3 Anguilla Eels Can Walk On Land
Anguilla eels, commonly known as European eels, live in the lakes and waterways of northern Europe and the UK. They’ve been recorded at lengths of nearly 2 meters (6.5 ft), though they’re normally only about half that size or smaller. But they don’t always stay where they’re supposed to—Anguilla eels can leave the water and slither across dry land for a short amount of time. They do this for two reasons—the first is to feed, although they usually stick to insects and earthworms. The second reason is to migrate.
Anguilla eels spend about 20 years in the same lake. But they start and end their lives 6,500 kilometers (4,000 mi) across the Atlantic in the Sargasso Sea. To get from their European lakes to the Atlantic, anguillas work their way up and down waterways using an as-yet-undiscovered navigation system. If the waterway is blocked—with a dam, for example—the eels leave the water and cross fields and forests to the next stream or river. Environmentalists are actually using that unique ability to build climbable “ladders” on dams and weirs to allow the eels to complete their migrations. On a slightly more terrifying note, the larger cousins of anguillas, conger eels, can also cross dry land, and also have the tendency to attack people.
2 The World’s Largest Migration Happens Every Day
The Sargasso Sea is perhaps the most unique body of water in the world. It doesn’t have any borders other than a series of converging currents that hold it roughly in the same place, even though it’s right in the middle of the Atlantic Ocean. It’s a body of water within a body of water—the Gulf Stream, the North Atlantic Current, and the Canary Current all hit it on different sides, with the Sargasso Sea acting as the calm center. It was called the “Sea of Lost Ships” by sailors because the air is unnaturally calm and ships could get stuck there for days or weeks.

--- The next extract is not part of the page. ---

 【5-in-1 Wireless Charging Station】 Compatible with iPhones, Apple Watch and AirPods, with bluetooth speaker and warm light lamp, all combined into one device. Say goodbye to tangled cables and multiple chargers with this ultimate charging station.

Most importantly, the Sargasso Sea is an almost completely self-sufficient ecosystem. The sargassum, a floating seaweed that covers the surface of the sea, provides food and shelter for thousands of species, which in turn provide food for the sargassum through their waste. There are layers upon layers of marine life in the sea, from surface dwellers to deep-sea life over 5000 meters (16,000 ft) down. And at night, it’s the setting for the largest migration in the world—over 5,000 species comprising millions of sea creatures surge up from the deep to feed, then return to the bottom before dawn.
Photo Credit: NOAA
1 Google Street View: Oceans
Google Street View is a popular addition to Google Maps that lets you look at any location from street level. In 2007, Google sent a fleet of cars around the world to photograph literally everything. Then they took the photos and composited them into a long string that lets you “walk” any route with the click of a button. But that’s old news and hardly exciting.

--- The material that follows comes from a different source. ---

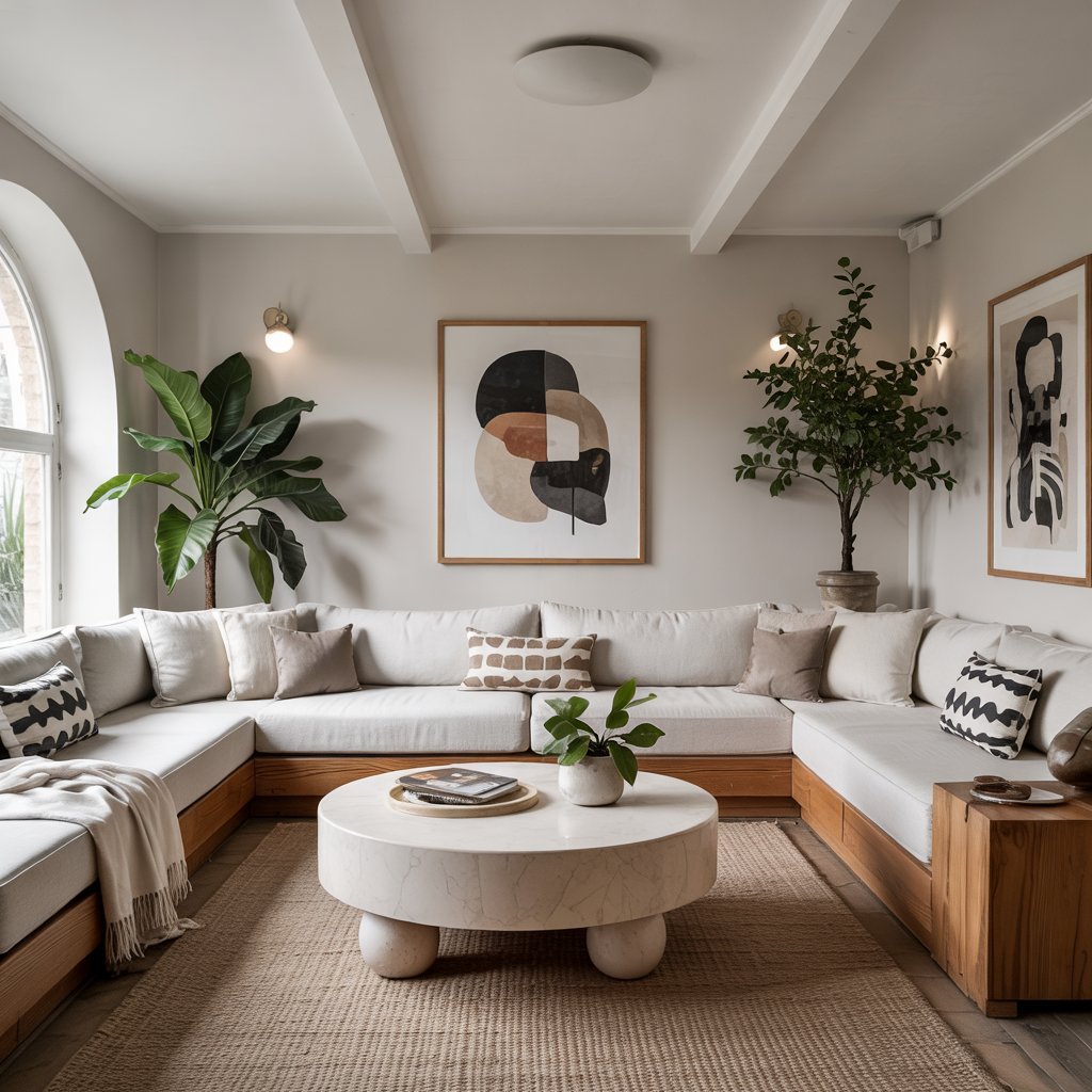 I add subtle life to the space with carefully placed foliage and abstract throws. This approach creates a lived-in feel without compromising the sophisticated, streamlined aesthetic that defines contemporary organic modern design.

Street View: Oceans is sort of the same thing, except instead of looking at your ex-girlfriend’s house you can stroll directly into the Great Barrier Reef, or any one of dozens of underwater spots spread across six oceans. They’re adding more locations to the program as fast as they can, but so far they only have the reefs around the Galapagos Islands, Heron Island, Wilson Island, and Hanauma Bay, to name a few. This is part publicity stunt and part science project—while anyone can enjoy the tour, they’re also using the photos to monitor the growth (and decay) of the world’s most important coral reefs, which provide a combined home for a full 25 percent of all marine life.